Find the line with "下面はガラスのシェードが施さ" in the records below. Output exactly from there until after the line with "- Top safety rails and steps", without pictures.
== Segment start ==
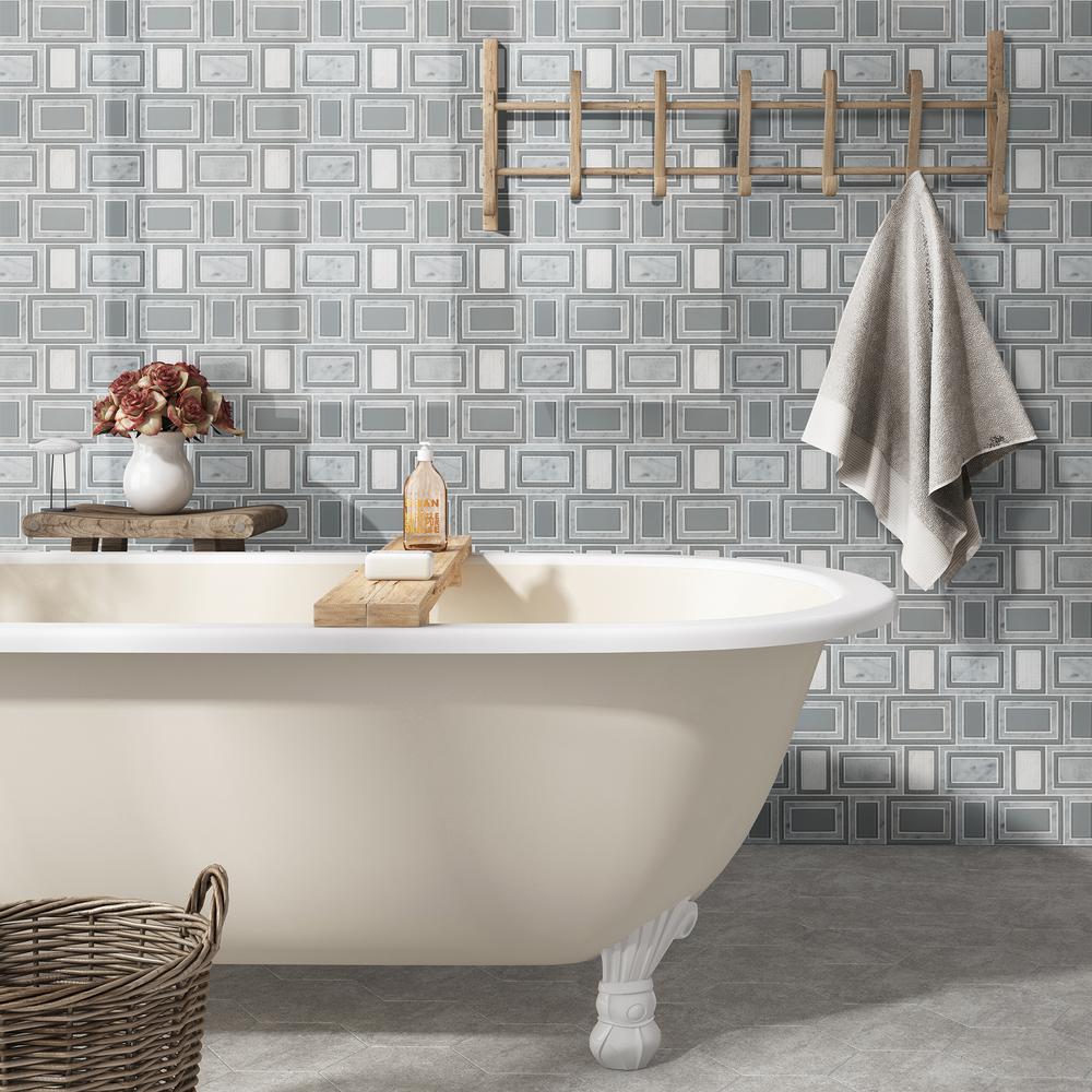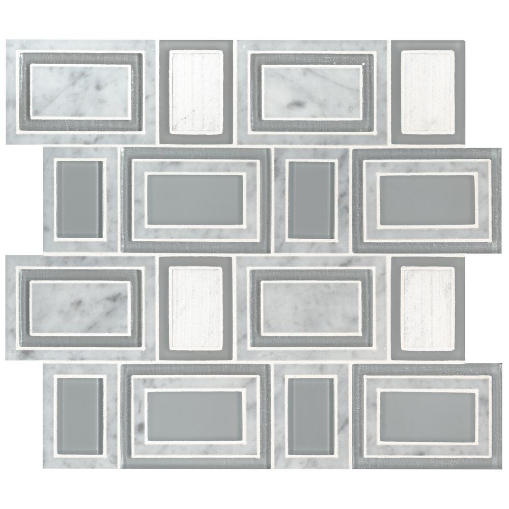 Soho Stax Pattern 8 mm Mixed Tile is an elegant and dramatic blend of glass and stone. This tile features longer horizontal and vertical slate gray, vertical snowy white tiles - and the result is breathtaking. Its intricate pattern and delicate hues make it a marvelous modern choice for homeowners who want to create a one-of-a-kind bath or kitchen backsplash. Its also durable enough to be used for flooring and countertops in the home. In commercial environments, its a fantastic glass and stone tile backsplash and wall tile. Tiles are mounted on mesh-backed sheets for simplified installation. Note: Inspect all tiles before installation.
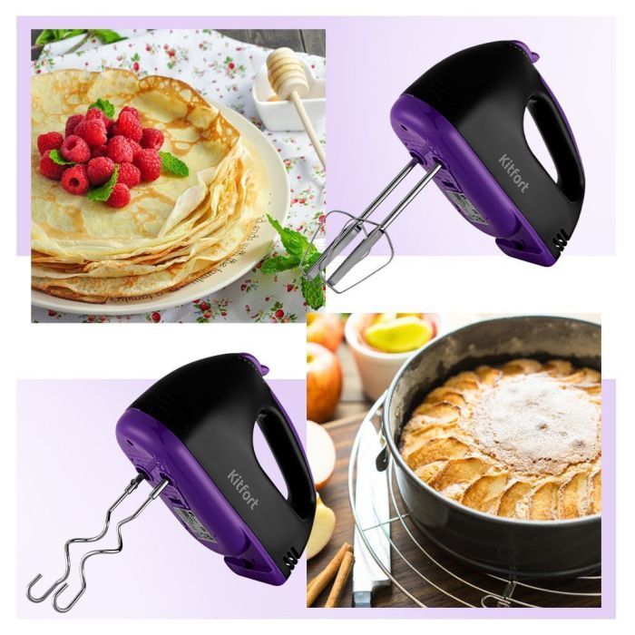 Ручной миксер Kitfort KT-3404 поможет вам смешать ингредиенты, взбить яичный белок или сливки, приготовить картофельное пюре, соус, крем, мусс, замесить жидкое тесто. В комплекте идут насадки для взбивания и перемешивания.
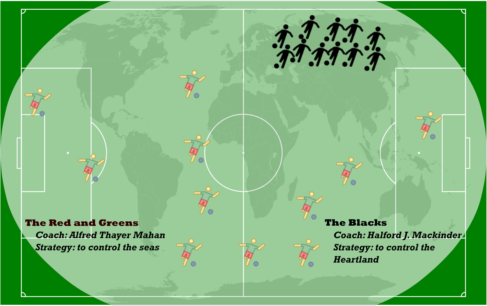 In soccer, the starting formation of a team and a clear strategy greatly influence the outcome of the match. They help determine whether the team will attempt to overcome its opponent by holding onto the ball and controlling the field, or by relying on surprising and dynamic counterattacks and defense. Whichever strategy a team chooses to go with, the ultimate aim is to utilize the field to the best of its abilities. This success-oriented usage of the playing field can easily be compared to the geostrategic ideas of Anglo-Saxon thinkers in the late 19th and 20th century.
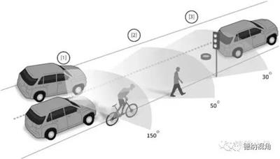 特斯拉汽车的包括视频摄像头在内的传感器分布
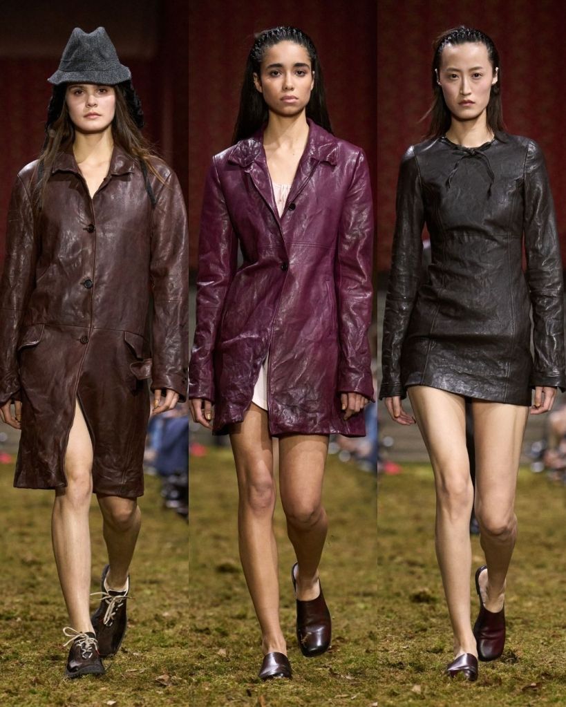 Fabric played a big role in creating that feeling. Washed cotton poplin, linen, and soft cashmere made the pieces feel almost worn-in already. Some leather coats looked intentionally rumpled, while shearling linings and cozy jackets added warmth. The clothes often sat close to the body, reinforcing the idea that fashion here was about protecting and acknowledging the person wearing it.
== Segment end ==
== Segment start ==
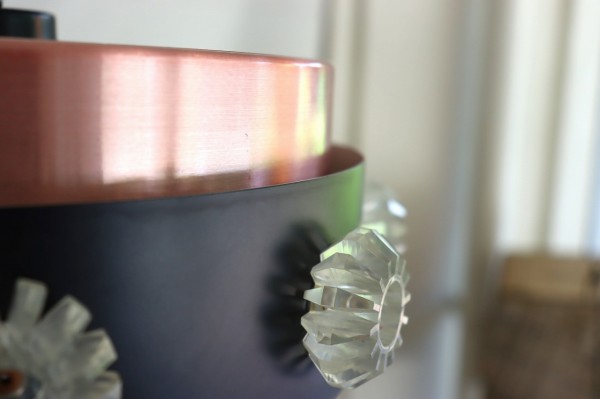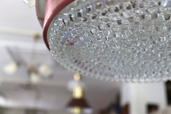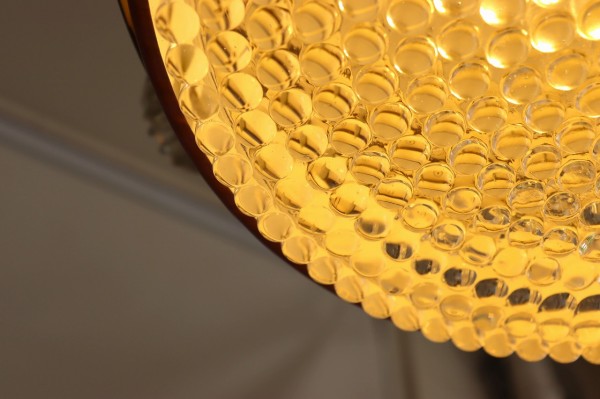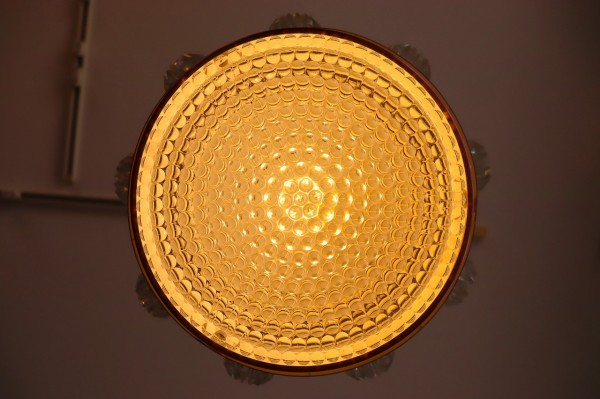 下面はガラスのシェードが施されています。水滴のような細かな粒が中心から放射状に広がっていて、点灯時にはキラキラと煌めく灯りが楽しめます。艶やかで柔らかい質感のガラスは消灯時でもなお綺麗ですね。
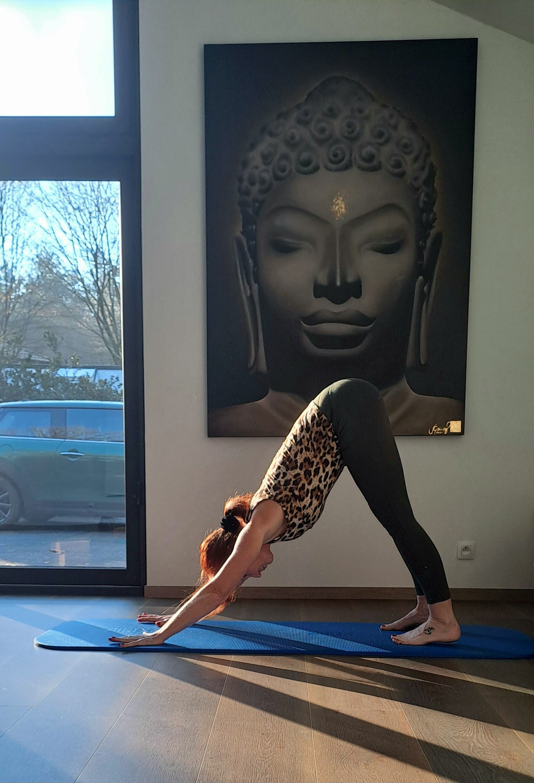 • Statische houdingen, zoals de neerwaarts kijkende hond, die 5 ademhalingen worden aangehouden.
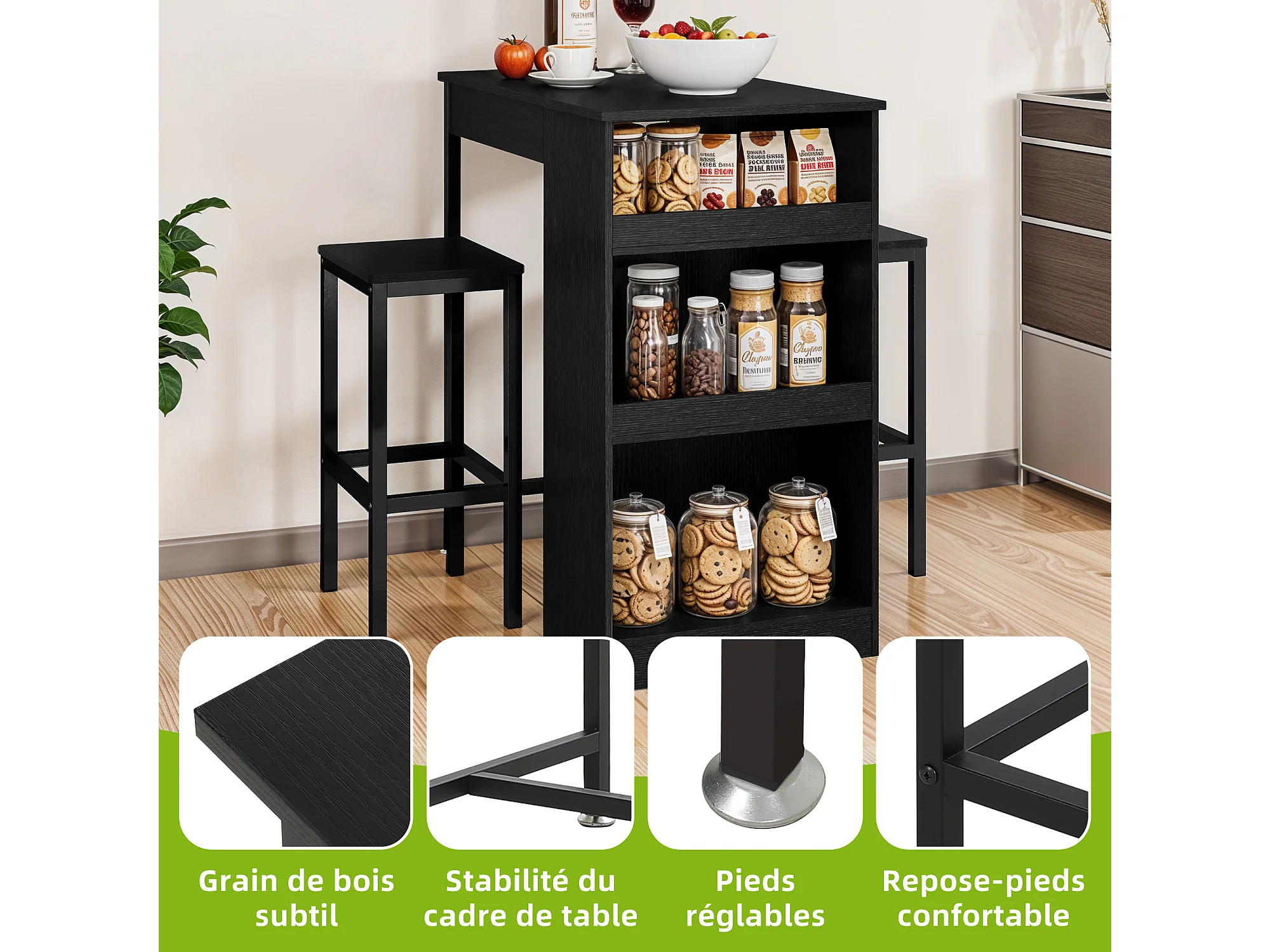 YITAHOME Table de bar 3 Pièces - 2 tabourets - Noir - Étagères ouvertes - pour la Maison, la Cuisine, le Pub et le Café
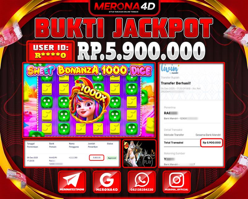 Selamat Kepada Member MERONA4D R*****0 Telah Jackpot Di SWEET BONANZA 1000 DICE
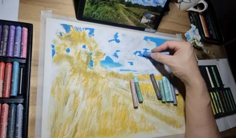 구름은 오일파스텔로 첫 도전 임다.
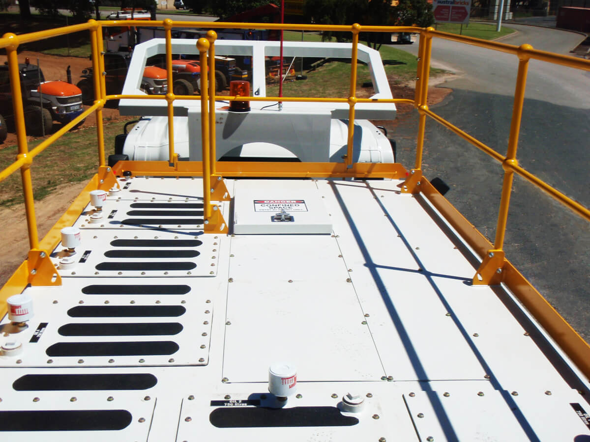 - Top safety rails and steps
== Segment end ==
— Solved problem —
 下面はガラスのシェードが施されています。水滴のような細かな粒が中心から放射状に広がっていて、点灯時にはキラキラと煌めく灯りが楽しめます。艶やかで柔らかい質感のガラスは消灯時でもなお綺麗ですね。
 • Statische houdingen, zoals de neerwaarts kijkende hond, die 5 ademhalingen worden aangehouden.
 YITAHOME Table de bar 3 Pièces - 2 tabourets - Noir - Étagères ouvertes - pour la Maison, la Cuisine, le Pub et le Café
 Selamat Kepada Member MERONA4D R*****0 Telah Jackpot Di SWEET BONANZA 1000 DICE
 구름은 오일파스텔로 첫 도전 임다.
 - Top safety rails and steps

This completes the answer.